Des documents de ses avocats indiquaient que Thomas s’était déjà conformé à un certain nombre de demandes du conseil d’administration, notamment en fournissant la feuille de calcul, et a déclaré que la demande d’informations personnelles du conseil d’administration équivalait à une portée excessive de la part d’une entité gouvernementale.

“En bref, l’OMB n’a pas d’utilisation ou de besoin légitime des informations et des dossiers recherchés”, ont soutenu ses avocats dans une réponse.

« Agression frontale » présumée par État

L’assignation à comparaître du conseil l’année dernière faisait partie d’une campagne concertée du conseil médical de l’Oregon pour mettre Thomas à la faillite, selon les documents déposés par ses avocats.

“Le 16 décembre 2018, l’OMB a lancé sa campagne contre le Dr Paul Thomas afin de faire taire son point de vue sur le nombre croissant de vaccins administrés aux enfants”, a déclaré une réponse. « L’OMB a lancé une attaque frontale contre la pratique du Dr Thomas en utilisant les médias, l’Oregon Health Authority, des attaques contre son personnel, la connaissance des compagnies d’assurance maladie et d’autres organismes d’accréditation pour faire des ravages et détruire efficacement le dossier médical du Dr Thomas. s’entraîner.”

En décembre 2020, le conseil a suspendu la licence de Thomas, citant les cas de huit patients qui auraient été lésés par son calendrier vaccinal. En juin, il a émis une nouvelle ordonnance autorisant Thomas à fournir uniquement des soins actifs. Il a déclaré qu’il ne pouvait pas parler aux parents des calendriers de vaccination et qu’il ne pouvait effectuer aucune recherche impliquant des soins aux patients.
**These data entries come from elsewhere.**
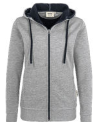
015 grau meliert/tinte
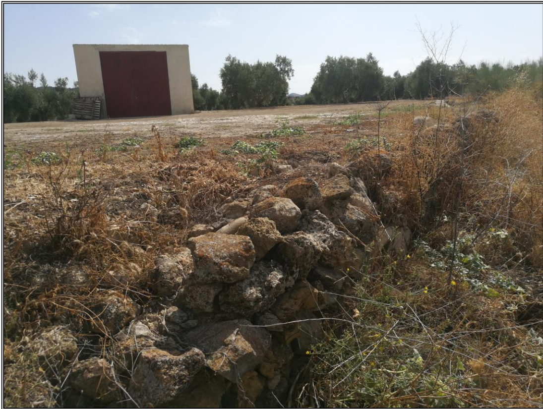
Era 3. Detalle del borde Oeste. Fijado con mampostería de piedra seca.
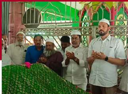
ఎం.ఎన్ బేగ్ ఆఫీసర్స్ లో గుంటూరు శివారు పెదకాకాని దర్గాలో ప్రత్యేక ప్రార్థనలు నిర్వహిస్తున్న చిత్రం
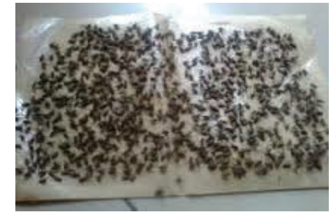
Alat Perangkap Lalat
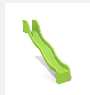
RU.050.15.W Anbaurutsche mit Welle, H 150 cm
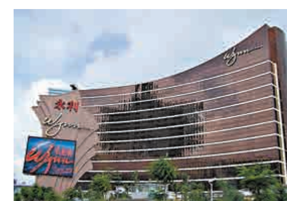
▲永利澳門昨公布中期業績,半年盈利36.5億跌1.2%

期內,因發行7.5億美元(約59億元)的優先票據,集團資本負債比率上升17個百分點至56.4%,相關債務將於2021年到期。早前有永利的股東去信澳門政府,要求永利交代於2008年曾向一間公司支付5000萬美元,以取得有關土地的使用權。集團於公告表示,接獲澳門廉政公署通知,就於澳門路氹地區的土地提交若干資料,與廉政公署合作。
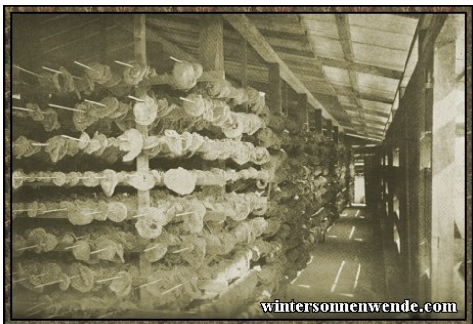
Kautschuktrockenanlage in Deutsch-Ostafrika. [aus der engl. Ausgabe]

Auch von der angeblichen Entvölkerung Kameruns gilt Ähnliches, wie von der Deutsch-Ostafrikas gesagt ist. Es haben Verschiebungen innerhalb der Eingeborenenbevölkerung stattgefunden. Eine allgemeine Abnahme der Bevölkerungszahl ist aber weder nachgewiesen noch wahrscheinlich. Ein sicheres Urteil darüber ermöglichen die bisher vorliegenden Zahlungen und Schätzungen nicht. Nach den Feststellungen des letzten Gouverneurs
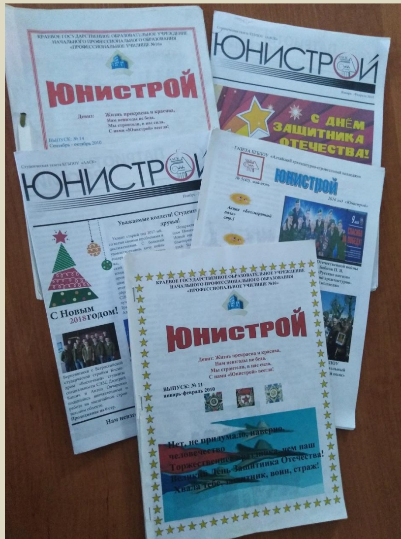
Студенческая газета «ЮНИСТРОЙ»
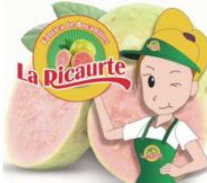
Figura N° 3: Logo Corporativo empresa de bocadillos La Ricaurte
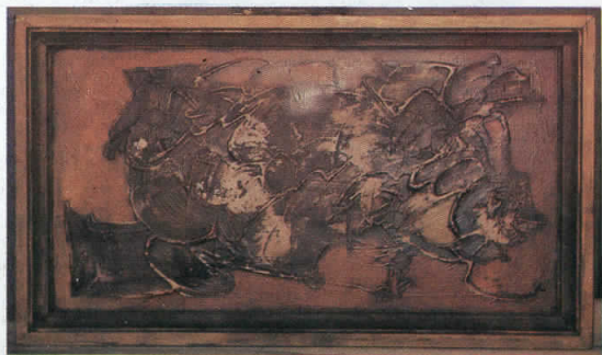
Црвена етида, масло, 1989, 55 x 35 cm

In fact I have a need to lie permanently my first or my second I. I make pressure on the consciousness, it responds physically.
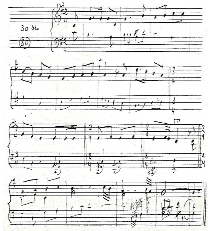
Figura 5 - Els tres tambons , del Lluçanès. Armonització para piano de Joaquim Pecanins
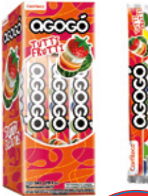
AGOGO TUTTI FRUTI CHICLE SABOR TUTTI FRUTI AGOGO x10

002299 40 Unid. Paca 15 Unid. Display 345 (g) Peso Display
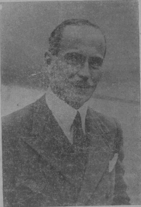
El aviador inglés C. W. Scott vencedor de la carrera Londres-Australia, al que le ha sido otorgado el trofeo internacional de aviación «Harmon 1934».

¿No podría el Ayuntamiento hacerse eco de las quejas justísimas que contra ello formula el vecindario?
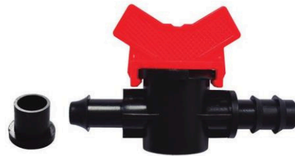
MINI VÁLVULA INICIAL-MANGUERA
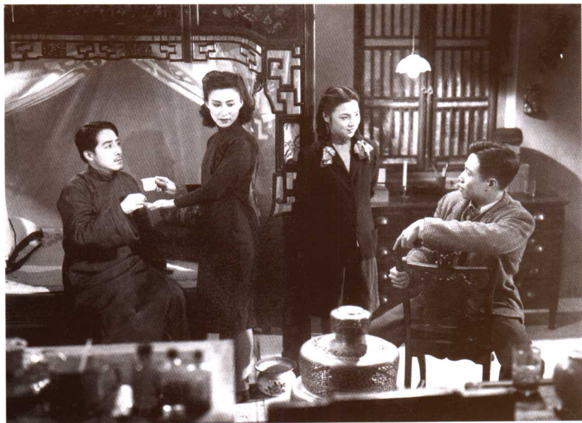
● 影片《小城之春》(1948) 剧照。

Dans sa plainte, la commission médicale a réfuté les arguments de Thomas pour garder secrets les noms et dates de naissance des patients. Il a déclaré qu’un règlement cité par le comité d’examen dans son approbation des protocoles d’étude de Thomas ne “limitait pas la capacité des agences de surveillance de la santé comme l’OMB à obtenir des informations d’identification des patients à des fins d’enquêtes légales et de réglementation de la pratique de la médecine”. Il a également déclaré que les règlements en vertu de la loi fédérale sur la transférabilité et la responsabilité en matière d’assurance maladie – HIPAA – « autorisent expressément le demandeur à recevoir les informations d’identification du patient » demandées par l’assignation. Il a déclaré que les règles de la HIPAA permettent à un médecin de fournir des informations de santé sur des individus à un organisme de réglementation tel que l’OMB “pour les activités de surveillance autorisées par la loi, y compris les enquêtes civiles ou administratives et les procédures d’autorisation d’exercer et disciplinaires”.

Le procès a déclaré que l’OMB souhaite que les informations sur les patients soient utilisées en interne dans le cadre de l’enquête et qu’elle ne divulguera pas publiquement l’identité des patients. L’ordonnance du juge Sims en faveur de l’État stipulait que la commission médicale ne pouvait contacter aucun des patients ni leurs parents ou tuteurs dans le cadre de son enquête sans l’approbation du tribunal.

On ne sait pas si Thomas fournira les noms et dates de naissance des patients comme demandé. Les ordonnances du tribunal sont juridiquement contraignantes et le non-respect peut entraîner un outrage au tribunal, passible d’une peine d’emprisonnement ou d’une amende.

Une autre audience est prévue dans l’affaire le 11 octobre.